The Princess and the Fangirl (Once Upon a Con #2)(49)
“Older?”
“She’s nineteen.”
“Nineteen,” I echo. “But the internet says she’s definitely older.”
“The internet’s wrong, surprisingly. She lied when she was fourteen to get the part in Huntress Rising. She told the director she was almost eighteen. After that she just never corrected anyone.” He shrugs. “She’ll do just about anything to make sure she succeeds. She needs to. It’s like there’s this dial in her head that’s constantly turned up to eleven. She’s intense. She’s always thinking one step ahead—or three.”
He talks about her in such a tender tone, like he really does admire her. He might say he doesn’t love her, but maybe he just doesn’t realize it yet.
“Sounds like she means a lot to you,” I say.
“She does—she’s like a sister to me.”
“Well, she’s doing better than me. I’m no one,” I reply. “I mean—Jess is smart, and she’s gorgeous, and she’s talented. She made a fantastic Amara. She’s amazing, and I…I guess I can do cool voices?”
Ethan studies me with those dark, dark eyes, and I feel myself shifting uncomfortably. “Imogen,” he starts—and the way he says my name, like it’s somewhere between a lullaby and an exasperated sigh, makes my stomach flip all the same. “Why did you want to trade places with Jess?”
The question takes me by surprise. I turn my eyes toward the water, watching my dress float and ripple around me. The reflection of my pink hair creates a rosy halo around me. “Don’t you already know? You sleuthed me out, Detective. I want to save Amara.”
“But you could’ve done that a myriad of other ways—you are doing that, it seems, at least by your online presence.”
“As if that’s enough,” I sigh, resting my hand just above the ripples of the water, watching the lights from the pool dance across my skin. “You know, I really love Amara. I relate to her. She was able to make mistakes and still come back from them—she wasn’t ruined because of them. She learned, and she grew, and she became stronger.” Because Amara is the type of character who always screwed up—like me, trying to do the right thing but never doing it the right way. Like the online petitions, the Twitter hashtag, the movement itself—it’s all fine and good, but it wasn’t the right way because…“I’m no one, Ethan. I haven’t done anything. So I guess that’s why I wanted to be Jess, so I could be someone. So my voice would matter.”
“Imogen, that’s not—”
“Oh, it’s true,” I interrupt. “My brother’s a year younger than me and he’s vice president of his class, and he’ll probably even be quarterback. He’s just so talented at everything, I feel like…like I’m letting everyone down because I’m not good at anything. And it’s not because I don’t try,” I add before he can suggest it, because people always suggest it. “I’ve tried out for the debate team, but when I had to debate a guy over women’s reproduction he told me that women are too fragile to have control over their own bodies. I got kicked out of the club for kneeing him in the nads—”
“Whoa, really?”
“—and I tried to join the track team but I’m about as good at running as I am at algebra, so I couldn’t join the math club, either.”

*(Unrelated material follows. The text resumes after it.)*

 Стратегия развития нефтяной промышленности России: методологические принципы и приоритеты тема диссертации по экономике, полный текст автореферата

“Imogen,” he tries to stop me, but I’m just getting started on the Great Failings of Imogen Lovelace.
“I suck at grammar, even though I love books,” I tell him, beginning to count my shortcomings on my fingers. “I’m in the book club, and the anime club, and I started a sci-fi club for the sole reason of getting after-school credit for watching reruns of Starfield. I’m still very proud of that.”
“Imogen.”
I begin to pace from one side of the pool to the other, half floating, half moon-walking. “But it’s not like the sci-fi club will turns heads on a college application. I don’t even know where I want to go, or what I want to do, and I’m a senior now. Milo’s basically already accepted to any school he sets his sights on and I—”

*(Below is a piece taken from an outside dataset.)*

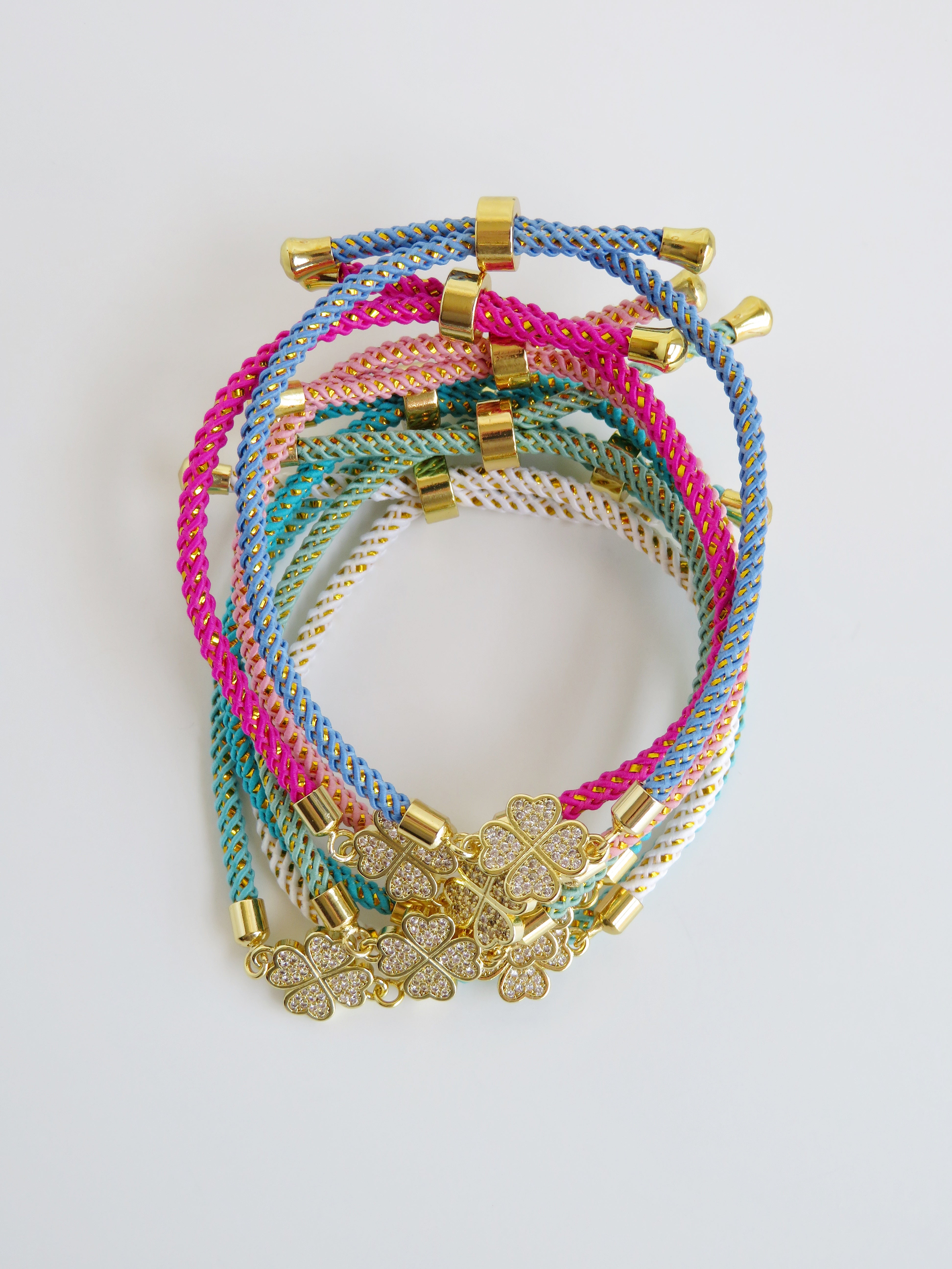 Heart Clover Bracelet - Adjustable Braided Cord

I don’t realize that he’s slid into the water until he catches me by the shoulders with his large hands and turns me around. He didn’t take his clothes off, either, abandoning only his glasses on the edge of the pool, and dampness is slowly bleeding up his starched button-down shirt. He sinks down and looks me level in the eyes. Starflame, is he handsome. Long eyelashes and warm brown eyes and expressive brows that crinkle together a little as he says my name for what feels like the millionth time, and I’m still not tired of it.
“Imogen. You started an online movement that has over fifty thousand signatures to try to save a character from a television show you are fiercely passionate about.”
I quickly look away. “Yeah, but anyone can do that.”
“I think you’re wrong—and I certainly don’t think just anyone can step into Jess’s shoes as well as you have.”
“But that’s only because I look moderately like her with a wig on and I can imitate voices pretty well.”
“Not everyone can do that.”
“Look moderately flawless?” I joke.
“Imogen,” he says, and I kind of just want him to shut up and keep saying my name over and over again until I get so sick of that name that I want to change it to something else, and then I want him to say that name, and then the next one, and then—“you might not be now, but you’re learning how to be, and someday I know you’re going to be amazing.”